● Work required
For the material that follows, return exactly the lines from the one with "Вчера, 18 апреля, в" through the one with "생맥주와 우동 하나 시키니 1210엔이 나왔다", both ends included.

[Data excerpts Boundary: Start]

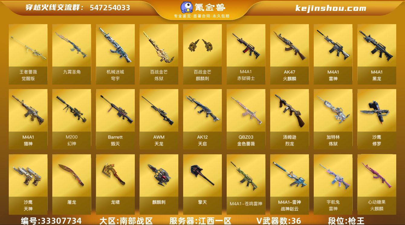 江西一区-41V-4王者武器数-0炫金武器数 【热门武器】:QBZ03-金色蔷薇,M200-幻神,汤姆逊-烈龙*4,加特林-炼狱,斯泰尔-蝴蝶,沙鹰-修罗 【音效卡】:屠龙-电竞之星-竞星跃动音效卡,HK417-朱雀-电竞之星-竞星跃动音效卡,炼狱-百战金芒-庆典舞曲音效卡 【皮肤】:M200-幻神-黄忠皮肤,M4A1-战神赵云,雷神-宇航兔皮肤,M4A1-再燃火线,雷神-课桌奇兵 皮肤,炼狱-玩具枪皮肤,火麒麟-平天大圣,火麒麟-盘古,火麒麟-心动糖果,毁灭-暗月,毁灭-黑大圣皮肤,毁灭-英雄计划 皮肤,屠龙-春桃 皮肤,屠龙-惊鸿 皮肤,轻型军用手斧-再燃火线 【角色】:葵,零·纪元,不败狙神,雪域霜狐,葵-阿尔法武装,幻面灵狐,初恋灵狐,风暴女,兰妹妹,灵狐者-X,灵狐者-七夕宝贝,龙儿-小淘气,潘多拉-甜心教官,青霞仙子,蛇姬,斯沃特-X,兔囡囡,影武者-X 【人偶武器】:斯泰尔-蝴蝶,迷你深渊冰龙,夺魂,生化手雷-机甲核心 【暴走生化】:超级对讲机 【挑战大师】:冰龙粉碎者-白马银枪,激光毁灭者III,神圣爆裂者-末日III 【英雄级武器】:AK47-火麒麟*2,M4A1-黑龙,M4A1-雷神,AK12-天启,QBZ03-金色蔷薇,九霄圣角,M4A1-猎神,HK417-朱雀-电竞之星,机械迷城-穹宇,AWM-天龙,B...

[Data excerpts Boundary: End]
[Data excerpts Boundary: Start]

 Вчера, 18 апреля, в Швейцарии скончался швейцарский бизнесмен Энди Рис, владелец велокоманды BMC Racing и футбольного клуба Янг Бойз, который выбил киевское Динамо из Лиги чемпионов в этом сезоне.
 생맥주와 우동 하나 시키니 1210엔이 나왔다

[Data excerpts Boundary: End]

● Result
 Вчера, 18 апреля, в Швейцарии скончался швейцарский бизнесмен Энди Рис, владелец велокоманды BMC Racing и футбольного клуба Янг Бойз, который выбил киевское Динамо из Лиги чемпионов в этом сезоне.
 생맥주와 우동 하나 시키니 1210엔이 나왔다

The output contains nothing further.